Brooks Jackson, M.D.
The Hopkins HIV Report - May 1999

In March 1999 five important studies were published regarding the use of antiretrovirals to reduce mother to infant transmission. The results of the ACTG 076 study in which HIV-infected U.S. and French pregnant women with baseline CD4 cell counts over 200 cells/mm³ (median 550/mm³) received 500 mg daily of AZT starting between 14-34 weeks gestation with intravenous AZT in delivery and 8 mg/kg/day orally to the infant for 6 weeks were published in 1994. This randomized, double-blind, placebo-controlled trial demonstrated a significant reduction in HIV transmission at 18 months from 25.5% (CI: 18.4%-32.5%) to 8.3% (CI: 3.9%-12.8%), or a 67.5% reduction.

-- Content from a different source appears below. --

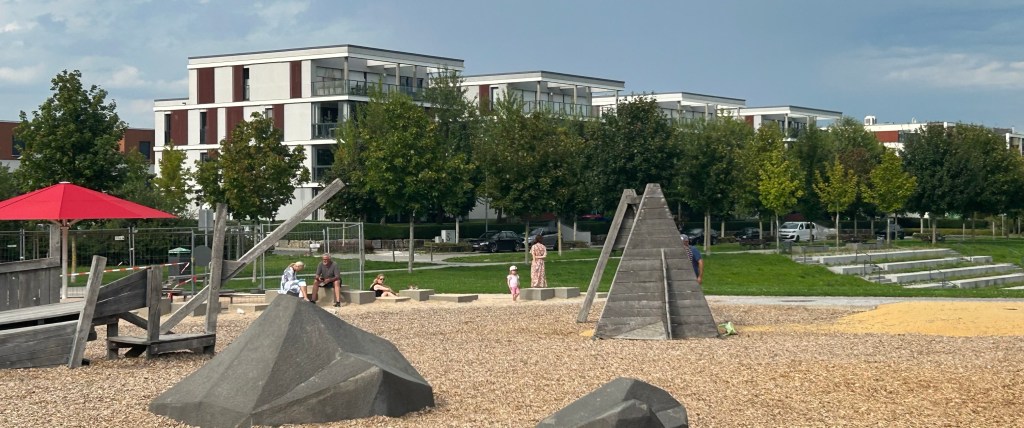 Riedberg was a greenfield construction project by the city designated as zone for young families. Was a direct response to the lack of affordable housing, schooling and family-friendly green spaces in the city. To be fair, they nailed it with the green spaces. I am here on a warm summer day, school is out and the playgrounds are full of kids and families having picnics.
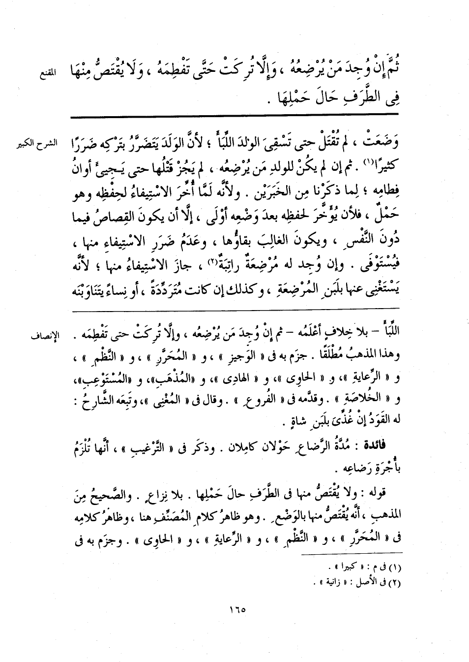 قوله: ولا يُقْتَصُّ منها فى الطَّرَفِ حالَ حَمْلِها. بلا نِزاع. والصَّحيحُ مِنَ المذهبِ، أنَّه يُقْتَصُّ منها بالوَضْعِ. وهو ظاهرُ كلامِ المُصَنِّفِ هنا، وظاهرُ كلامِه فى «المُحَرَّرِ»، و «النَّظْمِ»، و «الرِّعايَةِ»، و «الحاوِى». وجزَم به فى

Building on that success, Pediatric ACTG 185 was carried out as a two-arm, randomized, double-blind, placebo-controlled trial in which one arm of pregnant women received the ACTG 076 regimen plus a monthly dose of 200 mg/kg of intravenous immune globulin (IVIG), and the other arm received the ACTG 076 AZT regimen plus a monthly 200 mg/kg dose of intravenous HIV immune globulin (HIVIG) preparation starting at 20-30 weeks gestation. The infants of the women received the same randomized study treatment as the mother, with infants receiving intravenous HIVIG or IVIG (200 mg/kg) within 12 hr of birth [Stiehm et al. JID 1999;179:567]. This study demonstrated that the transmission rate in the AZT/HIVIG arm (4.1%) was not significantly different in the AZT/IVIG arm (6%, p=0.36). Interestingly, only one of 9 (11%) infected infants in the HIVIG group had a positive culture at birth compared with 5 of 13 (38%) in the IVIG group, suggesting that if HIVIG had a biologic effect it was primarily on reducing in utero, but not intrapartum, transmission.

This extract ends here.